- EXERCISE PROMPT: In the records below, find the line with "Maca Bates Checkered" and repeat it and every line after it, exactly, without any pictures.

Records excerpted from a collection:
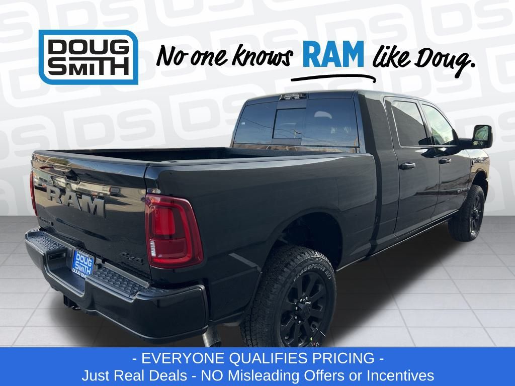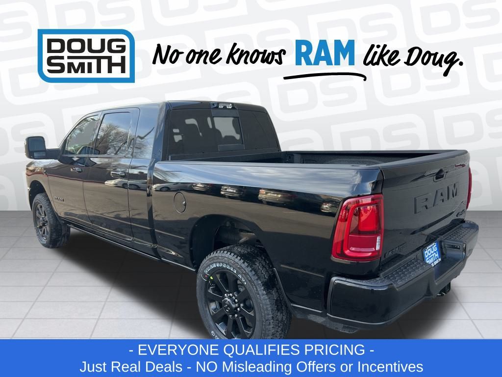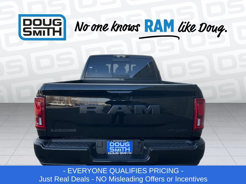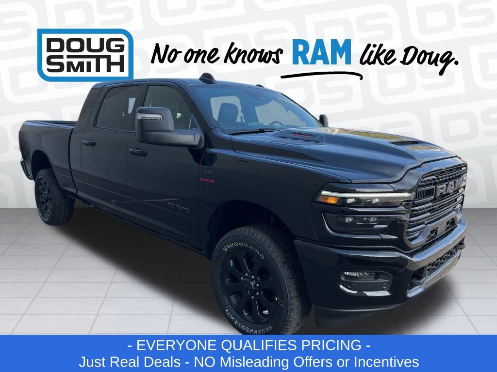 Diamond Black Crystal Pearlcoat 2026 Ram 2500 Laramie 4WD 8-Speed Automatic 6.7L I6 Price includes: $1000 - 2026 National Bonus Cash . Exp. 03/02/2026 $2000 - 2026 National Select Inventory Bonus Cash. Exp. 03/02/2026 - Advertised Price reflects a $1,500 Financing Discount. To qualify for this discount, customer must secure credit approval and finance with a dealership lender. Cash purchases or outside financing will void the discount, increasing the final price by $1,500. Exp. 02/28/2026 - See Doug Smith CDJR for full details. - Sale Price Includes: $1,500 Trade-In Allowance Incentive Program for customers that trade in a 2015 or newer passenger vehicle with 100,000 miles or less. - Offer Exp. 02/28/2026 - See Doug Smith CDJR for full details.
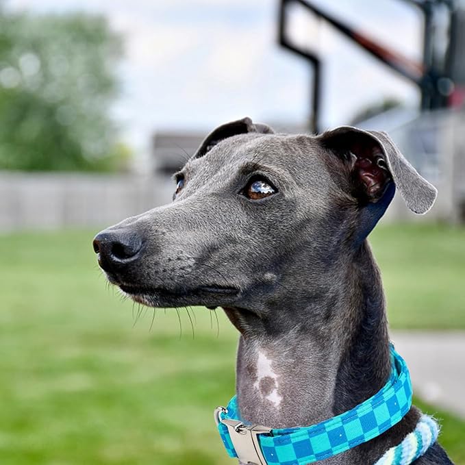 Maca Bates Checkered Mint Blue Dog Grid Collar for Small Dogs Adjustable Plaid Collars Accessories Gift for Small Medium Large XL Puppy with Golden Metal Buckle
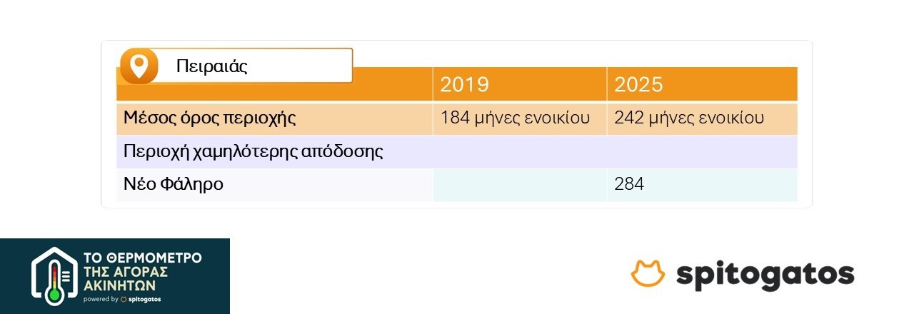 • Χαμηλότερη απόδοση το 2025: Δραπετσώνα, με 332 ενοίκια
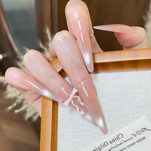 卡通小熊穿戴甲短款小清新浅蓝波点蝴蝶结光疗指甲贴片甜美美甲片
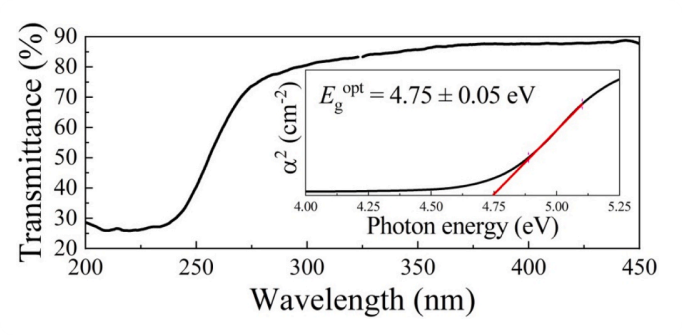 图 5. 纳米晶 ZGO 薄膜的典型透射光谱图。插图显示吸收系数 α2 与光子能量的关系。
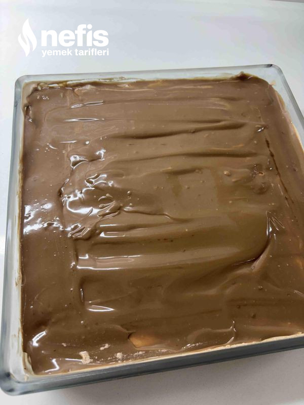 - Soğuyan kekimizin üstüne ekleyelim spatula yardımı ile düzleyelim dolaba atalım 3-4 saat bekletelim.
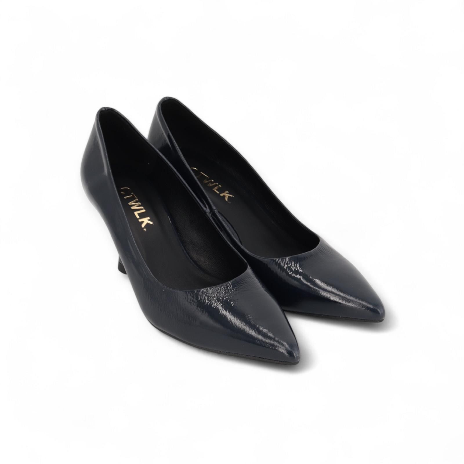 Pump Vaomy van CTWLK voor dames. Deze pump is in blauw lakleer. Heeft een scherpe neus en een geometrisch fijn hakje van 7-7.5cm hoog.

- ANSWER:
 Maca Bates Checkered Mint Blue Dog Grid Collar for Small Dogs Adjustable Plaid Collars Accessories Gift for Small Medium Large XL Puppy with Golden Metal Buckle
 • Χαμηλότερη απόδοση το 2025: Δραπετσώνα, με 332 ενοίκια
 卡通小熊穿戴甲短款小清新浅蓝波点蝴蝶结光疗指甲贴片甜美美甲片
 图 5. 纳米晶 ZGO 薄膜的典型透射光谱图。插图显示吸收系数 α2 与光子能量的关系。
 - Soğuyan kekimizin üstüne ekleyelim spatula yardımı ile düzleyelim dolaba atalım 3-4 saat bekletelim.
 Pump Vaomy van CTWLK voor dames. Deze pump is in blauw lakleer. Heeft een scherpe neus en een geometrisch fijn hakje van 7-7.5cm hoog.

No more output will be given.